• Requirement
An exact repeat is needed of the lines from the one with "Modern Swivel Barstools, Tufted" through the last line of the data below. Please omit the pictures.

• Data extract
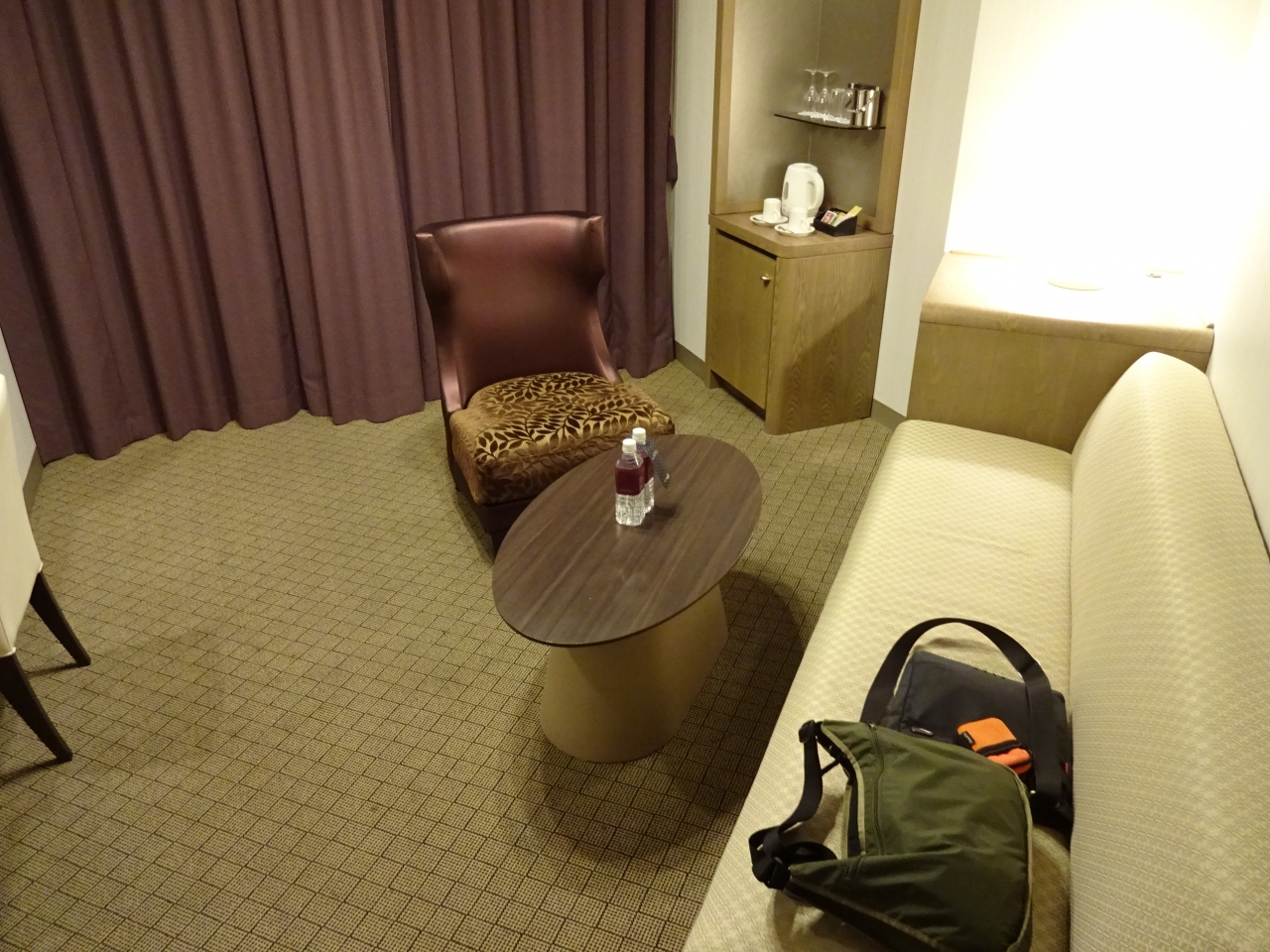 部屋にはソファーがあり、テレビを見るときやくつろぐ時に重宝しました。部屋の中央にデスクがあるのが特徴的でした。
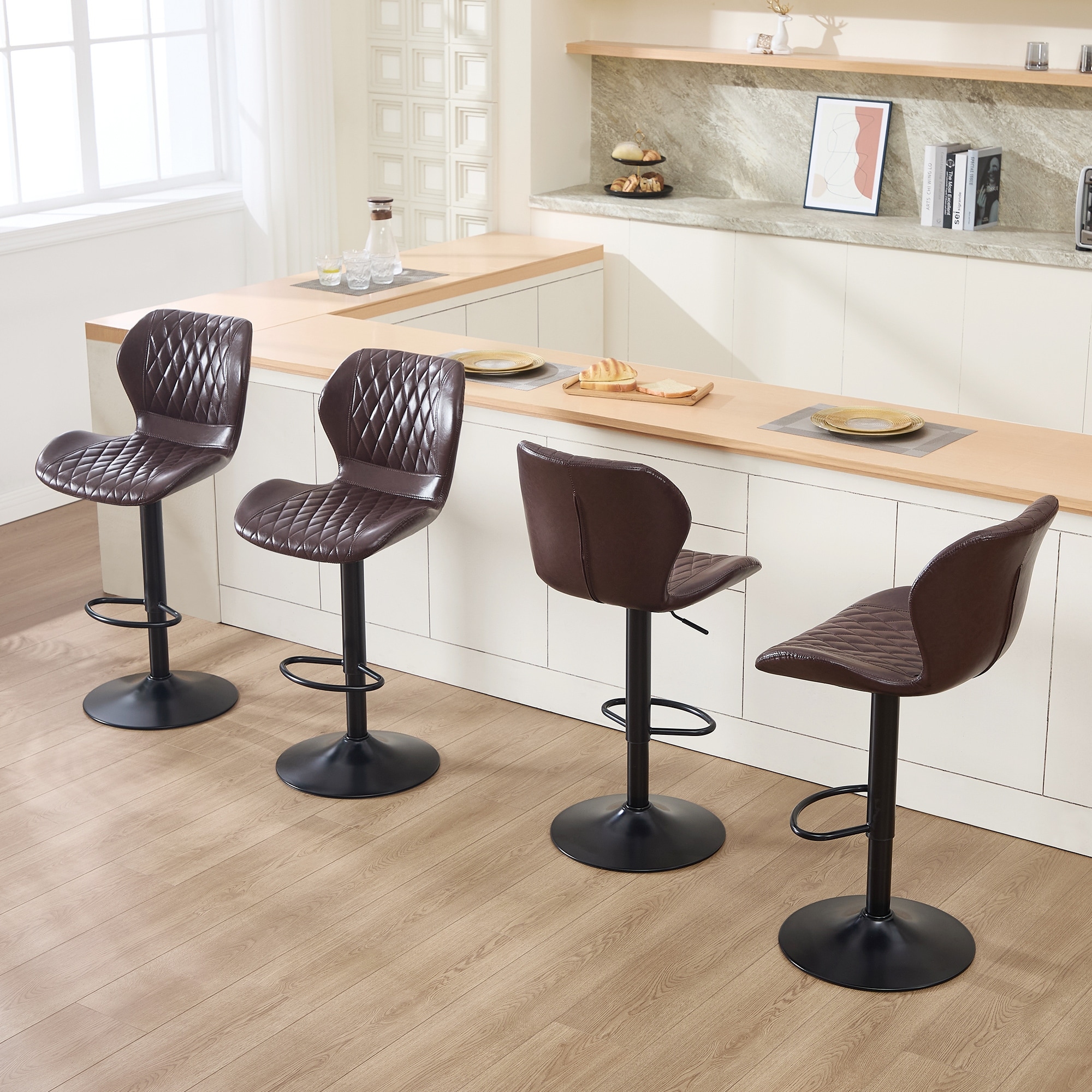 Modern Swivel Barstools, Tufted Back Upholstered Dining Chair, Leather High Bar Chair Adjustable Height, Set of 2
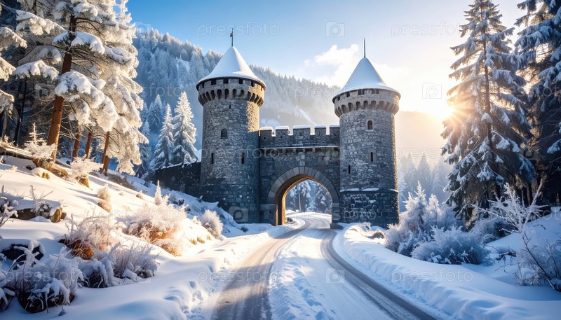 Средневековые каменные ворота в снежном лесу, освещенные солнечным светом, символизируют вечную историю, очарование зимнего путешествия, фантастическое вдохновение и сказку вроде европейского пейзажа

• Result below
 Modern Swivel Barstools, Tufted Back Upholstered Dining Chair, Leather High Bar Chair Adjustable Height, Set of 2
 Средневековые каменные ворота в снежном лесу, освещенные солнечным светом, символизируют вечную историю, очарование зимнего путешествия, фантастическое вдохновение и сказку вроде европейского пейзажа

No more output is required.